◆ ENTRIES SHOWN ◆
----

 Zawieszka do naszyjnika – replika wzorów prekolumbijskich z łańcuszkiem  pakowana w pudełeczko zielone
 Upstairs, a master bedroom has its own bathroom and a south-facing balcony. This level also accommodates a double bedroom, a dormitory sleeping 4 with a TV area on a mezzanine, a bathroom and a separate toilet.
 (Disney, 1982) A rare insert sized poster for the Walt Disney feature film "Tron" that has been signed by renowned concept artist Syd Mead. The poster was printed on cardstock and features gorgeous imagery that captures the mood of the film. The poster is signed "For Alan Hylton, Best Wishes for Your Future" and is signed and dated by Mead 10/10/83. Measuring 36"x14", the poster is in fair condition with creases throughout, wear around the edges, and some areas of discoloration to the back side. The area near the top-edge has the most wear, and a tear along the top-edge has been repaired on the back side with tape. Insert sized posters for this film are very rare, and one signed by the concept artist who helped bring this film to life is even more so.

----

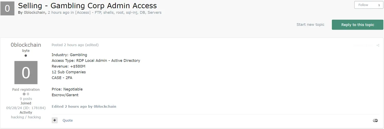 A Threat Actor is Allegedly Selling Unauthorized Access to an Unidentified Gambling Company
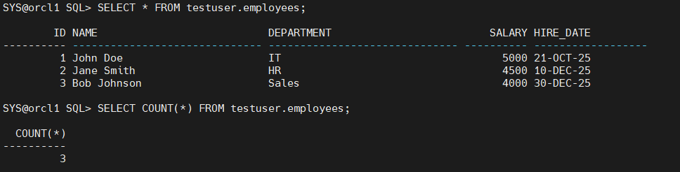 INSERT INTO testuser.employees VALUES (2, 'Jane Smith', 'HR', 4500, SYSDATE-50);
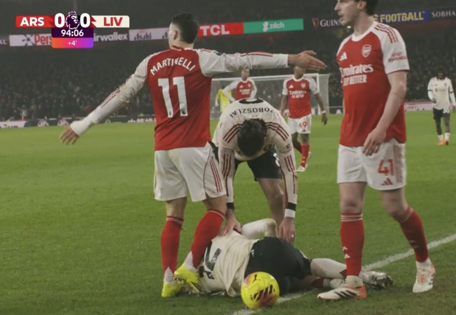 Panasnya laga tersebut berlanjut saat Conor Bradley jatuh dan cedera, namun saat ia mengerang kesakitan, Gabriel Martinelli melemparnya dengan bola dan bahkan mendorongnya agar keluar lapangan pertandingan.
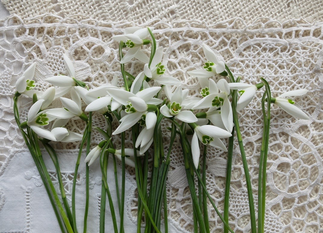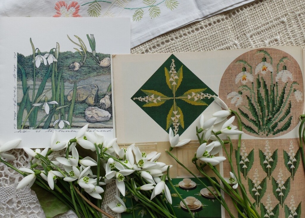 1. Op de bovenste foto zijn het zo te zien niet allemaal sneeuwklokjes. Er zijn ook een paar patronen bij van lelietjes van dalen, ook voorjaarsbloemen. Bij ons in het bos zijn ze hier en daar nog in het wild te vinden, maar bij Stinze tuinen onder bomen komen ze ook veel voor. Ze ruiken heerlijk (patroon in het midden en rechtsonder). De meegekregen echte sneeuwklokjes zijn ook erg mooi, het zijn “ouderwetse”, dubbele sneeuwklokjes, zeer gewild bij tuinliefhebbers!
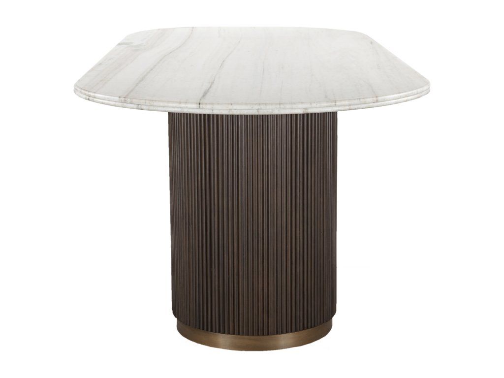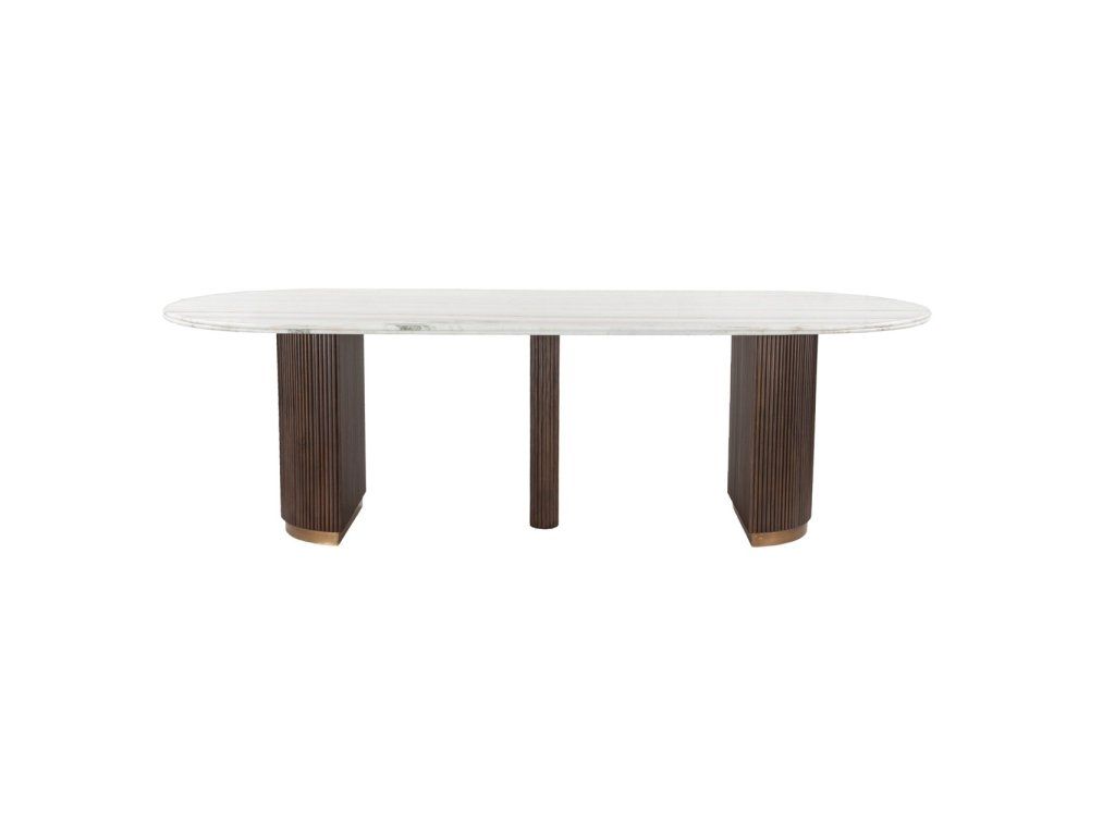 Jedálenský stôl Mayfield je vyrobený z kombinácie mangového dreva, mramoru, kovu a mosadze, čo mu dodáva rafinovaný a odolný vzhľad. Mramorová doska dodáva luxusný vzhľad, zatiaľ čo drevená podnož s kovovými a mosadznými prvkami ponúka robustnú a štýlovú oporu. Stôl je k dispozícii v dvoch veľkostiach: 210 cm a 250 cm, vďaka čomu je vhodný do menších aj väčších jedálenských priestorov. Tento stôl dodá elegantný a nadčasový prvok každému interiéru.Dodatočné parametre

----

◆ WHAT YOU ARE ASKED TO DO ◆
From the listing above, the lines starting with the one that has "Zawieszka do naszyjnika" and running through the one that has "(Disney, 1982) A" should be copied exactly, ends included.

◆ ANSWER AREA ◆
 Zawieszka do naszyjnika – replika wzorów prekolumbijskich z łańcuszkiem  pakowana w pudełeczko zielone
 Upstairs, a master bedroom has its own bathroom and a south-facing balcony. This level also accommodates a double bedroom, a dormitory sleeping 4 with a TV area on a mezzanine, a bathroom and a separate toilet.
 (Disney, 1982) A rare insert sized poster for the Walt Disney feature film "Tron" that has been signed by renowned concept artist Syd Mead. The poster was printed on cardstock and features gorgeous imagery that captures the mood of the film. The poster is signed "For Alan Hylton, Best Wishes for Your Future" and is signed and dated by Mead 10/10/83. Measuring 36"x14", the poster is in fair condition with creases throughout, wear around the edges, and some areas of discoloration to the back side. The area near the top-edge has the most wear, and a tear along the top-edge has been repaired on the back side with tape. Insert sized posters for this film are very rare, and one signed by the concept artist who helped bring this film to life is even more so.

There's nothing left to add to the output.